Perioperative metoprolol: fewer CV events and MIs, more deaths and strokes (POISE)
Is metoprolol effective in preventing bad outcomes in high-risk patients undergoing noncardiac surgery?
In this large, well-conducted study, the perioperative use of extended-release metoprolol was a mixed bag: it produced fewer major cardiovascular events but more deaths and more strokes. Other studies have found perioperative beta-blockers beneficial. However, they used different beta blockers, were smaller or had methodologic limitations. Pooled data from prior trials were less enthusiastic about the benefits and reported an increased risk of hypotension and bradycardia. (LOE = 1b)
POISE Study Group, Devereaux PJ, Yang H, Yusuf S, et al. Effects of extended-release metoprolol succinate in patients undergoing non-cardiac surgery (POISE trial): a randomised controlled trial. Lancet 2008;371:1839-1847. [PMID:18479744]
Randomized controlled trial (double-blinded)
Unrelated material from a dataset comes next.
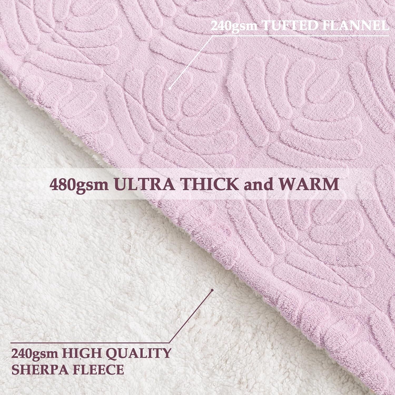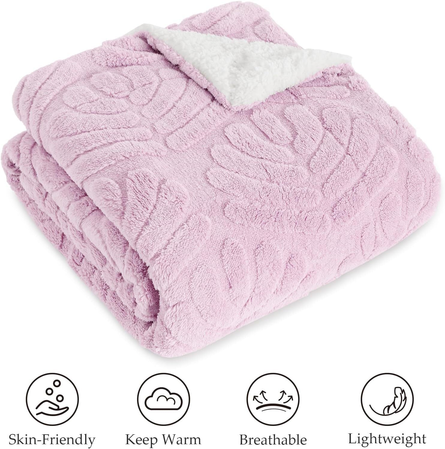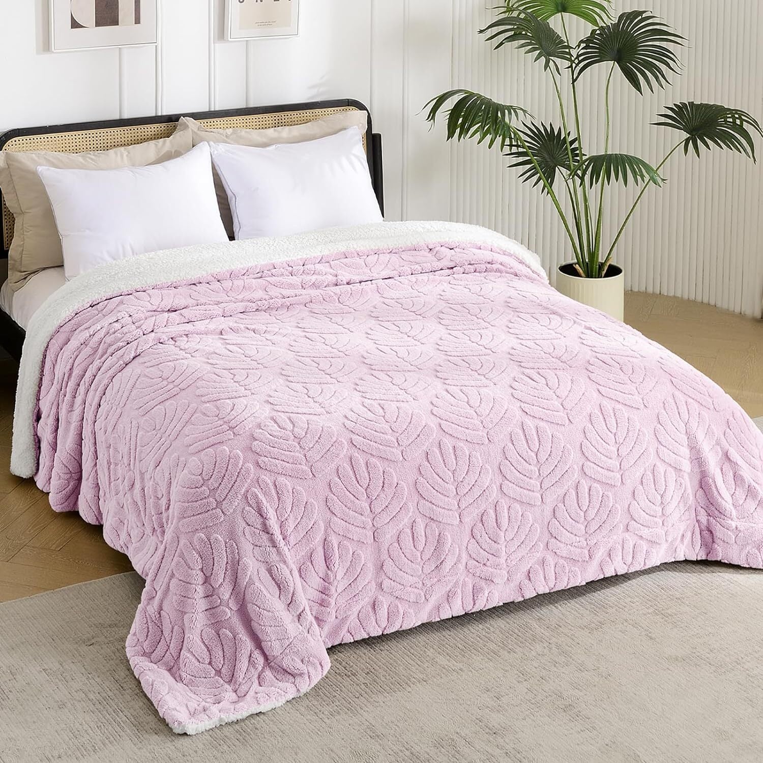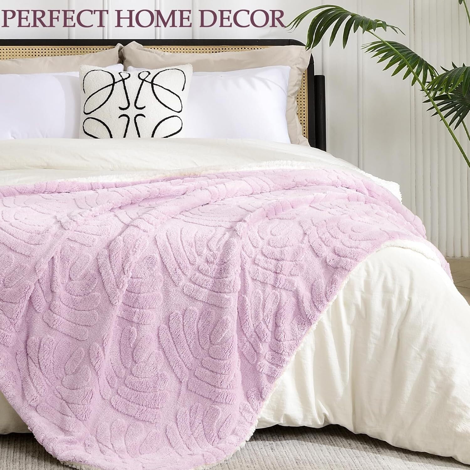 Plush and Soft: The luxury double layered sherpa blanket features 240gsm fuzzy fleece and 240gsm sherpa fabric that offers pleasant warmth and softness all year round, especially for fall and winterFashion and Stylish: The plush blanket is extremely comfortable and fashionable. It is designed with 3D jacquard pattern, which could add elegance and brightness to your room. In addition, we also offer a variety of colors and sizes for you to choose from, which easily matches your home decor.Versatile Usage: The stylish blanket is 90x90 inch. It not only provides warmth as a thick blanket at night, but also can be used as a personalized throw when you take a nap or watch TV on the sofa. The blanket is lightweight and easy to carry as a travel blanket and camping blanket. More than that, it could be considered as bedspreads, coverlets, sofa cover and so on.Gift Ideas for Family: Our throw blanket with appealing design and soft tactile will greatly impress your loved ones, that would be such a great idea as Christmas gift for your family and friends.Washing Instruction: Durable material makes the blanket machine washable and dryer friendly. Machine wash cold and tumble dry low. No shedding, shrinking or fading after wash. Tips: this fluffy throw blankets are tightly packaged to protect environment. After taking it out from the compact package, please shake it gently and wait a few hours to be more fluffy.

Inpatient (any location) with outpatient follow-up
High-risk patients older than 45 years undergoing noncardiac surgery were randomly assigned (concealed allocation) to receive extended-release metoprolol (n = 4174) or placebo (n = 4177) perioperatively. The researchers used the following criteria to identify high-risk patients: coronary artery disease; peripheral vascular disease; stroke; hospitalization for congestive heart failure in the previous 3 years; major vascular surgery; and having any 3 of the 7 following risk criteria: intrathoracic or intraperitoneal surgery; congestive heart failure; transient ischemic attacks; diabetes; a serum creatinine level higher than 175 micromol/L (2.3 mg/dL); 70 years or older; and urgent or emergency surgery. The patients took 100 mg metoprolol or placebo 2 hours to 4 hours before surgery and a second dose 6 hours after surgery. For the subsequent 30 days, the patients took 200 mg daily. The main outcome, a composite of cardiovascular death plus nonfatal myocardial infarction plus nonfatal cardiac arrest, was evaluated 30 days after surgery by clinicians who were unaware of which treatment the patients received. The researchers used intention-to-treat analysis to assess the outcomes and had follow-up results for 99.8% of patients. Patients receiving metoprolol had a lower rate of the combined endpoint than patients receiving placebo (5.8% vs 6.9%; number needed to treat [NNT] = 92; 95% CI, 47 - 2135). Additionally, patients receiving metoprolol had fewer myocardial infarctions (4.2% vs 5.7%; NNT = 67; 41 - 175), but more deaths (3.1% vs 2.3%; number needed to treat to harm [NNTH] = 131; 68 - 1407) and more strokes (1% vs 0.5%; NNTH = 190; 110 - 605).